I live in a small town and don't really fit in anywhere in my school. I wasn't ever good at making friends and was more of a loner, but because I'm such a sociable person this often made me sad and depressed.

I had always wanted a dog. I knew dogs were very loyal and would be by your side at all times so I had always thought that a dog is what I needed. My parents often said "No." because we were renting our home and our landlord wouldn't allow it.

When I found out we were going to move and own our own house I was back on asking for a dog. For some reason I was still getting the dreadful "No." and because I wanted to spend time with dogs I started volunteering at CCHS. This still didn't help my depression though because I still had to leave them behind, and especially when I would return and find the dog I befriended gone because they got adopted out.

Months went by and my depression was getting worse, then it happened, my sister brought in her cat. Now, at the time I hated cats, I was afraid of them. Her name was Mystik and she was adopted from CCHS she was known as Que there. Mystik strutted out of her little pet carrier that she was brought in and rubbed up against my leg. My sister informed me that she'd be sticking around for awhile so I might as well get used to her.

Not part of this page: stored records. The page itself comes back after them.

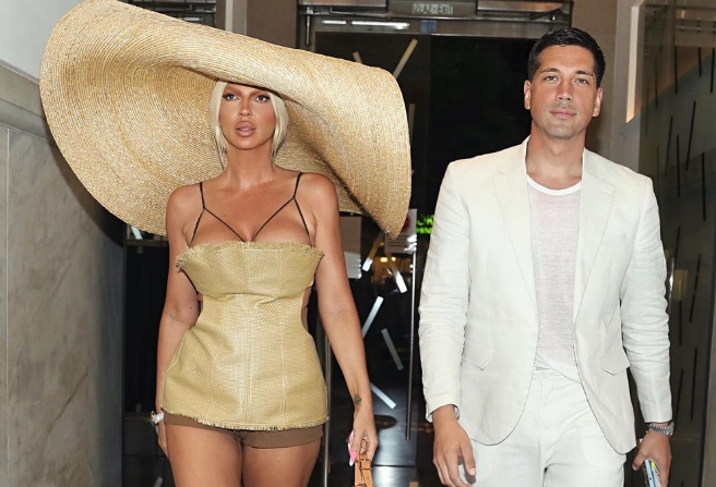 Sva u bež-braon tonovima, Jelena je nosila minijaturni šorts, a u gornjem delu je imala neobičan korset ispod kog su se nazirale bretele crne boje, koje su išle preko grudi.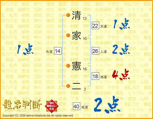 清家憲二さんの人運は26画の2点!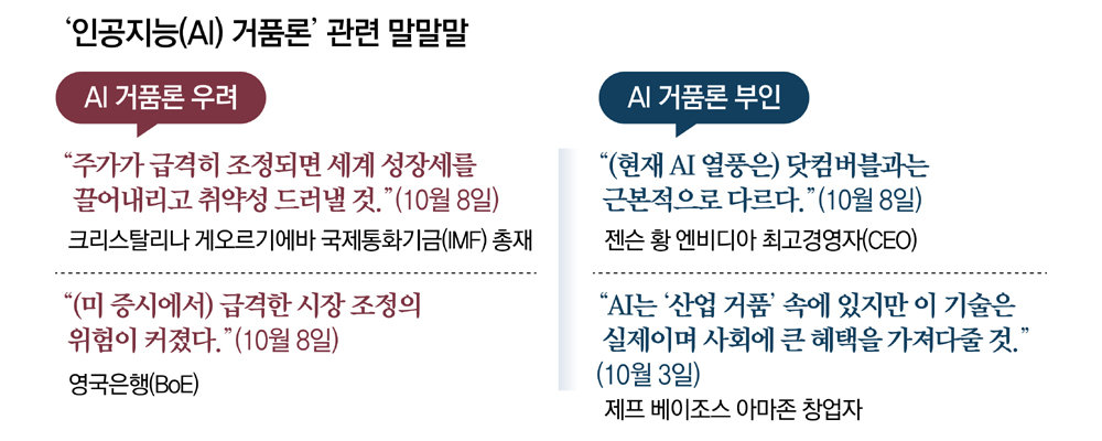 국제통화기금(IMF)과 영국 중앙은행인 영국은행이 8일(현지 시간) 동시에 이례적으로 미국 증시의 조정 가능성을 경고했다. 제롬 파월 미국 연방준비제도(Fed·연준) 의장이 지난달 “주가가 상당히 고평가됐다”고 진단한 데 이어 증시 과열을 우려하는 목소리가 커지고 있는 것이다. 주요 중앙은행과 IMF의 경고에도 미 주식시장에서 S&P500과 나스닥 지수는 같은 날 나란히 사상 최고치를 경신했다. 미 증시가 올해만 30번 넘게 신고가를 갈아치우자 2000년 닷컴버블 때와 비슷하다는 ‘AI 거품론’도 커지고 있다. 이에 맞서 지금의 AI발 투자 열풍은 과거 버블 때와는 근본적으로 다르다는 반론도 만만치 않다. ● 엔비디아, 사상 최고치로 마감8일 미국 뉴욕증시에서 나스닥 종합지수는 전 거래일 대비 1.12% 상승한 23,043.38, S&P500은 0.58% 오른 6,753.72로 마감했다. S&P500지수는 종가 기준으로 33번째, 나스닥은 32번째 사상 최고치를 경신했다.1일부터 미국 연방정부가 일시적 업무정지(셧다운)를 시작했지만 시장은 이를 심각하게 받아들이지 않았다. 과거 셧다운이 증시에 별다른 영향을 미치지 않았다는 경험이 축적됐기 때문으로 보인다. 시장은 오히려 AI 산업에 대한 기대에 민감하게 반응했다. 젠슨 황 엔비디아 최고경영자(CEO)가 이날 CNBC 인터뷰에서 “최근 6개월간 컴퓨팅 수요가 많이 증가했고, AI 관련 투자와 산업 수요가 예상보다 빠르게 확대되고 있다”고 밝힌 점이 호재로 작용했다.글로벌 시가총액 1위인 엔비디아는 전 거래일 대비 2.2% 상승한 주당 189.11달러로 종가 기준 사상 최고치를 갈아치웠다. 엔비디아의 경쟁자인 AMD의 주가도 11.37% 올랐다. 세계 최대 파운드리(반도체 위탁생산) 기업 대만 TSMC(+3.57%), 미국 메모리반도체 기업 마이크론(+5.84%)도 상승 마감했다.● AI 거품론 찬반 주장 팽팽연일 질주하는 AI발 미 증시 상승세에 25년 전 닷컴버블의 재연이라는 경계의 목소리도 나오는 분위기다. AI 산업화의 미래를 확실히 알 수 없는데 기대감만 높아져 투자금이 지나치게 몰렸다는 지적이다. S&P500 전체 시가총액의 3분의 1 이상을 차지한 알파벳(구글), 아마존, 메타 등 매그니피센트7(M7)이 모두 AI에 투자한 점도 위험 요소로 꼽힌다.이날 크리스탈리나 게오르기에바 IMF 총재는 미 워싱턴에서 열린 행사에서 “AI의 생산성 향상 잠재력에 대한 시장의 낙관적인 심리가 갑자기 뒤바뀔 수 있으며 그 충격이 세계 경제 전반에 충격을 줄 수 있다”며 “현재 주식시장 평가 가치는 25년 전 인터넷 붐 당시 수준에 근접하고 있다”고 말했다. 영국은행의 금융정책위원회도 이날 공개한 회의록에서 “(미 증시의 경기 순환 조정 주가수익비율은) 닷컴버블 정점기에 맞먹는 수준”이라며 “급격한 시장 조정의 위험이 커졌다”고 말했다.하지만 빅테크 수장들의 반론도 만만치 않다. 황 CEO는 ‘AI 거품론’에 대해 “지금 세상에서 벌어지고 있는 일과 2000년(닷컴버블 시기)에 일어났던 일은 근본적으로 다르다”며 “당시 인터넷 기업들을 다 합쳐봐야 시가총액이 300억∼400억 달러 정도에 불과했고, 현재 하이퍼스케일러 기업(초대형 클라우드, AI 기업)들은 이미 2조5000억 달러 규모의 실질적 비즈니스를 운영하고 있다”고 반박했다. 제프 베이조스 아마존 창업자도 최근 “지금의 AI 투자는 좋은 거품이고, 금융적 투기가 아니라 산업적 혁신을 이끄는 현상”이라고 주장했다.한재희 기자 hee@donga.com홍석호 기자 will@donga.com}

Oddly enough I did. I treated Mystik like she was my best friend, because she was. Whenever I came home I would be greeted by that sweet little tabby face staring up at me. She protected me at night, wouldn't let anyone enter my room while I was asleep, not even my mom.

I had Mystik for 3 months, my sister did the most horrible thing by coming home and taking her back. I couldn't stop crying. I was back in my depression state it was the worst day of my life the day that Mystik left.

Two months later November came rolling around. My birthday was coming up and I didn't even care. I was on the computer as usual when my sister called me up and told me to get on the Humane Society webpage and look up a cat. I figured it was a cat for her so I was looking at Tabbys since she already owned one Tabby. I kept naming off some Tabbys until she informed me of the greatest news ever, "This cat is for you, it's your birthday present!"

"Oh really?!" I gasped. "Well in that case I want a black one!"

I quickly went back to the main search page and selected "Cat, Male, Black." and hit enter.

While I was browsing through the cats I kept looking at the dates of how long they had been there. I then came across a sweet little face that had been there for way too long.

His name was CJ and he had been there since June 11th, 2004.

"Thats the one I want! I want CJ!" were the words of excitement that spilled out of my mouth.

Days turned into weeks as my birthday was nearing. I knew what I was getting so excitement filled my life, but my patience wasn't staying with me.

"Can we go see him now?!" I asked my sister. "No, not until your birthday."

"What if he's not there?!" I would sigh. "I'm sure he will be." My sister would inform.

Finally the day came. 4 days after my birthday we went to see dear CJ, and he ended up still being there. A big smile sweeped across my face as I carefully removed him from his cage and carried him to the Get Accquanted room.

My mom was sitting down in a chair, and my sister was leaned up against the wall. I set CJ down and sat upon the floor. He completely ignored my mom and my sister and came straight over to me. He laid into my lap and licked my hand as tears of joy filled my eyes. "I want this one!" I choked out, "I definitely want this one."

So it was set. My mom signed the papers for me because I was too young at the time. CJ was paid for and he left CCHS on November 28th, 2004.

We changed his name to Joey and he's been the greatest friend a girl could ever ask for. He sleeps with me at night, and makes sure I am never alone. He's curled up in my lap right now as I am typing this out.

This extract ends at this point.